• YOUR GOAL
Copy out the data that comes next, character for character, and leave the images aside.

• THE DATA
————

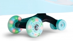 Gumové kolesá zabezpečujú plynulú a tichú jazdu a zároveň nepoškriabu podlahu. Predné kolesá sa pri jazde rozsvietia vďaka LED diódam, takže deti sú lepšie viditeľné aj za šera a jazda je ešte zábavnejšia. Ergonomicky tvarované sedlo a protišmykové plôšky pre nohy zvyšujú pohodlie a bezpečnosť.
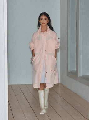 몽클레르의 ‘쿠루 롱파카’는 트랜드에 구애받지 않는 클래식한 디자인에 하이 넥과 허리라인을 강조한 레인코트입니다. 내부 스트링으로 신축성이 좋은 벨트를 취향에 따라 조절하면 비가 와도 페미닌한 스타일을 연출할 수 있는데요. 양방향 지퍼와 측면의 웰트 포켓으로실용적입니다. 몸에 딱 맞게 감기는 가벼운 착용감을 자랑하는 몽클레르의 레인코트는 비가 오지 않아도 변덕스러운 여름 날씨에 걸치기에 제격이죠.
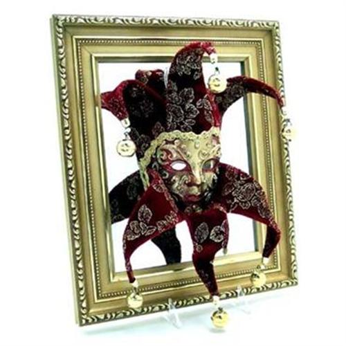 Venetian velvet female jester mask is handmade in Venice, Italy. The face is paper mache, hand-painted and decorated in an intricate Baroque pattern using gold leaf, glitter and brocade trim. The velvet hat points are in a sparkling flower pattern and finished with pearls and bells. We have exclusively framed the mask on an elegant gold mirrored frame with a picture hanger back.
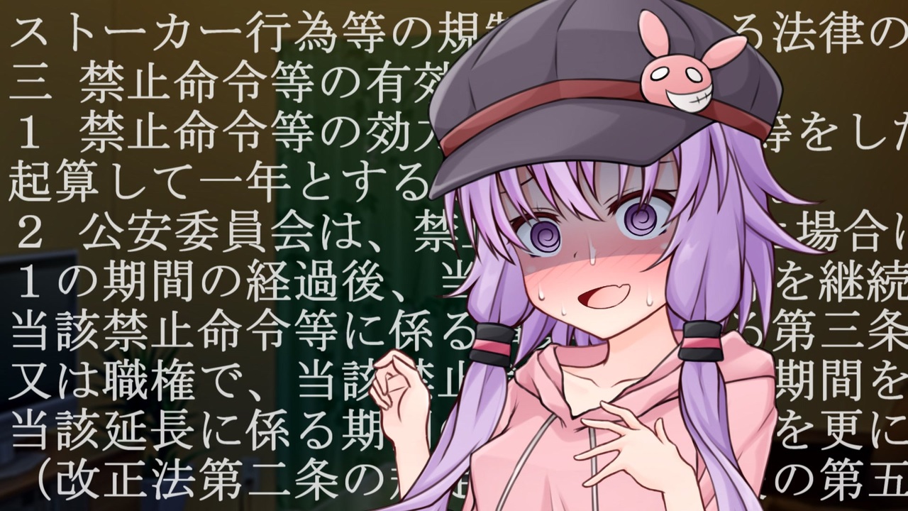 <span style="color: #9900ff;"><strong>ゆかりお姉さん「いいねしてね♡」</strong></span><br><br>前回(<a href="https://www.nicovideo.jp/watch/sm42394540" class="watch">sm42394540</a>)がちょっとだけハードだったので今回はソフトな内容になりました。<br><br>ストーカー規制法の詳細はこちら(参議院法制局のページ)<br><a href="https://houseikyoku.sangiin.go.jp/bill/outline28102.htm" target="_blank" rel="noopener nofollow">https://houseikyoku.sangiin.go.jp/bill/outline28102.htm</a><br>01:17ぐらいの注釈については上記ページ内リンクの"<span style="color: #ff9900;">●</span>概要【PDF:185KB】"を参照。<br><br>このシリーズ→<a href="https://www.nicovideo.jp/series/448594" target="_blank" rel="noopener">series/448594</a><br>㋳ンデレシリーズ→<a href="https://www.nicovideo.jp/series/175195" target="_blank" rel="noopener">series/175195</a><br>各シリーズPart1まとめ→<a href="https://www.nicovideo.jp/mylist/65930457" target="_blank" rel="noopener">mylist/65930457</a><br>投稿者のTwitter(連絡先)→<a href="https://twitter.com/shihabuki" target="_blank" rel="noopener nofollow">https://twitter.com/shihabuki</a><br><br>YouTube版(エコノミー回避用)→<a href="https://www.youtube.com/playlist?list=PLth9cfLQrdQWwEK1DH4cShhOvBfQwKS1O" target="_blank" rel="noopener nofollow">https://www.youtube.com/playlist?list=PLth9cfLQrdQWwEK1DH4cShhOvBfQwKS1O</a><br><br>お借りした素材<br>立ち絵:ああつ様/他素材:童謡・唱歌の世界様、Classical Music Sound Library様、OtoLogic様、On-Jin ~音人~様、無料効果音で遊ぼう!様、きまぐれアフター様、silhouette AC様、イラストマンション様、きままに様、woystr様、フリー素材あそび様、ふい字置き場様、8:51:22 pm の云々様。

————

• TASK SOLUTION
 Gumové kolesá zabezpečujú plynulú a tichú jazdu a zároveň nepoškriabu podlahu. Predné kolesá sa pri jazde rozsvietia vďaka LED diódam, takže deti sú lepšie viditeľné aj za šera a jazda je ešte zábavnejšia. Ergonomicky tvarované sedlo a protišmykové plôšky pre nohy zvyšujú pohodlie a bezpečnosť.
 몽클레르의 ‘쿠루 롱파카’는 트랜드에 구애받지 않는 클래식한 디자인에 하이 넥과 허리라인을 강조한 레인코트입니다. 내부 스트링으로 신축성이 좋은 벨트를 취향에 따라 조절하면 비가 와도 페미닌한 스타일을 연출할 수 있는데요. 양방향 지퍼와 측면의 웰트 포켓으로실용적입니다. 몸에 딱 맞게 감기는 가벼운 착용감을 자랑하는 몽클레르의 레인코트는 비가 오지 않아도 변덕스러운 여름 날씨에 걸치기에 제격이죠.
 Venetian velvet female jester mask is handmade in Venice, Italy. The face is paper mache, hand-painted and decorated in an intricate Baroque pattern using gold leaf, glitter and brocade trim. The velvet hat points are in a sparkling flower pattern and finished with pearls and bells. We have exclusively framed the mask on an elegant gold mirrored frame with a picture hanger back.
 <span style="color: #9900ff;"><strong>ゆかりお姉さん「いいねしてね♡」</strong></span><br><br>前回(<a href="https://www.nicovideo.jp/watch/sm42394540" class="watch">sm42394540</a>)がちょっとだけハードだったので今回はソフトな内容になりました。<br><br>ストーカー規制法の詳細はこちら(参議院法制局のページ)<br><a href="https://houseikyoku.sangiin.go.jp/bill/outline28102.htm" target="_blank" rel="noopener nofollow">https://houseikyoku.sangiin.go.jp/bill/outline28102.htm</a><br>01:17ぐらいの注釈については上記ページ内リンクの"<span style="color: #ff9900;">●</span>概要【PDF:185KB】"を参照。<br><br>このシリーズ→<a href="https://www.nicovideo.jp/series/448594" target="_blank" rel="noopener">series/448594</a><br>㋳ンデレシリーズ→<a href="https://www.nicovideo.jp/series/175195" target="_blank" rel="noopener">series/175195</a><br>各シリーズPart1まとめ→<a href="https://www.nicovideo.jp/mylist/65930457" target="_blank" rel="noopener">mylist/65930457</a><br>投稿者のTwitter(連絡先)→<a href="https://twitter.com/shihabuki" target="_blank" rel="noopener nofollow">https://twitter.com/shihabuki</a><br><br>YouTube版(エコノミー回避用)→<a href="https://www.youtube.com/playlist?list=PLth9cfLQrdQWwEK1DH4cShhOvBfQwKS1O" target="_blank" rel="noopener nofollow">https://www.youtube.com/playlist?list=PLth9cfLQrdQWwEK1DH4cShhOvBfQwKS1O</a><br><br>お借りした素材<br>立ち絵:ああつ様/他素材:童謡・唱歌の世界様、Classical Music Sound Library様、OtoLogic様、On-Jin ~音人~様、無料効果音で遊ぼう!様、きまぐれアフター様、silhouette AC様、イラストマンション様、きままに様、woystr様、フリー素材あそび様、ふい字置き場様、8:51:22 pm の云々様。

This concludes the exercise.